Asuragen, Inc., 2150 WOODWARD ST, AUSTIN, TX, 78744
Socially and Economically Disadvantaged:
AbstractDESCRIPTION (provided by applicant): Cervical cancer, caused by human papillomaviruses (HPVs), is a major public health problem, worldwide. About 230,000 women die of cervical cancer every year, the majority in developing countries. Although early detection via routine cytological screenings (Pap smears) and HPV testing have lowered both the incidence and mortality of cervical cancer, significant problems and barriers remain, including the low predictive value of current testing.
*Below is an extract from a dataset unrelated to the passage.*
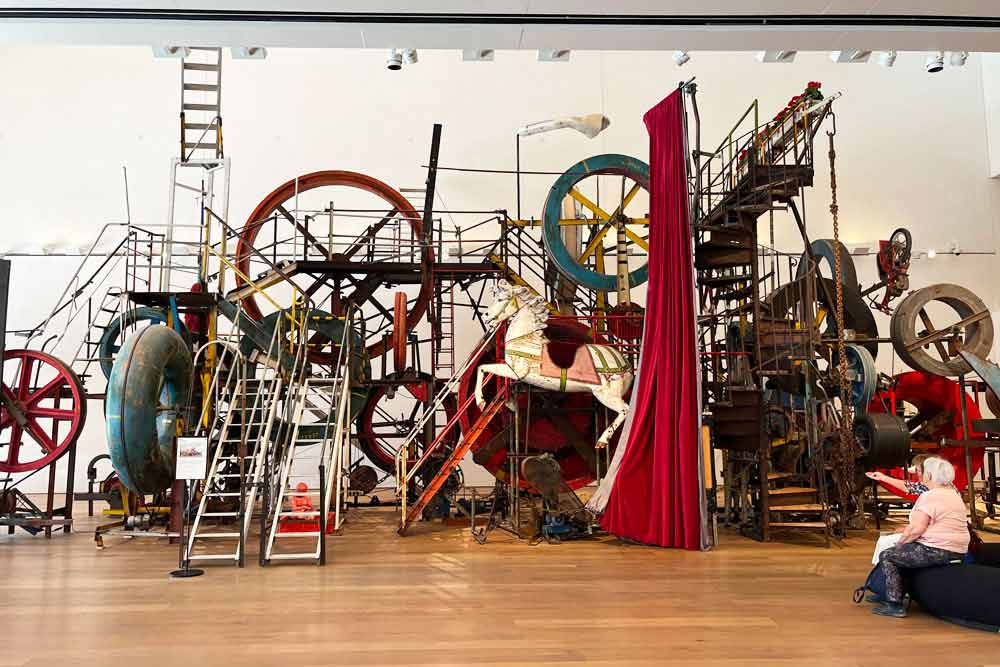 Le musée ne comporte pas, comme l’aurait souhaité Tinguely, une hôtesse à l’entrée se manucurant les ongles. Et, pour les visiteurs, des audio-guides dans une langue autre que la leur ! Il n’empêche, le lieu apporte son lot de surprises. Ainsi le Retable de l’Abondance occidentale et du Mercantilisme totalitaire, machine monumentale et colorée ajoutant à la ferraille un crâne de boeuf et toutes sortes d’objets de consommation. Elle fut exposée à Moscou l’année même de la mort de l’artiste.

As many as 3 million Pap smears are classified as inconclusive in the US every year leading to costly and invasive follow-up procedures and emotional stress in patients. MicroRNAs (miRNAs) are small, regulatory RNAs encoded by the plant, animal, and fungal genomes that act to inhibit expression of specific target genes. Recent studies have shown that miRNAs play key roles in many cellular processes, including development and differentiation. The role of miRNAs in the development of diseases and cancers has just begun to emerge. Furthermore, recent data show that many viruses encode miRNAs that regulate both viral and cellular gene expression to establish and maintain productive infection. Work at Ambion and in Golub's lab has shown that miRNAs are differentially expressed in specific types of cancers, providing the first evidence that miRNAs can be used to classify human tumors and develop diagnostic assays. Our hypothesis is that miRNAs are involved in the host-cell response to HPV infection and in HPV- induced cellular transformation, and that HPVs, themselves, encode miRNAs that are involved in these processes. We propose to investigate host cell and viral miRNAs involved in HPV infection for the purpose of better understanding the natural history of HPV infections and the early events that lead to the onset of cervical cancer. In Phase I, we will use a miRNA profiling system to analyze the host cell miRNA response to HPV infection and transformation in HPV-positive cell models and cervical biopsies. We will also explore the identification and validation of HPV-encoded miRNAs and determine their relevance to HPV infection and transformation. Phase II will encompass wider evaluation of the identified cellular and viral miRNAs in clinical samples as potential biomarkers and a diagnostic assay will be developed based on these miRNAs.
* information listed above is at the time of submission.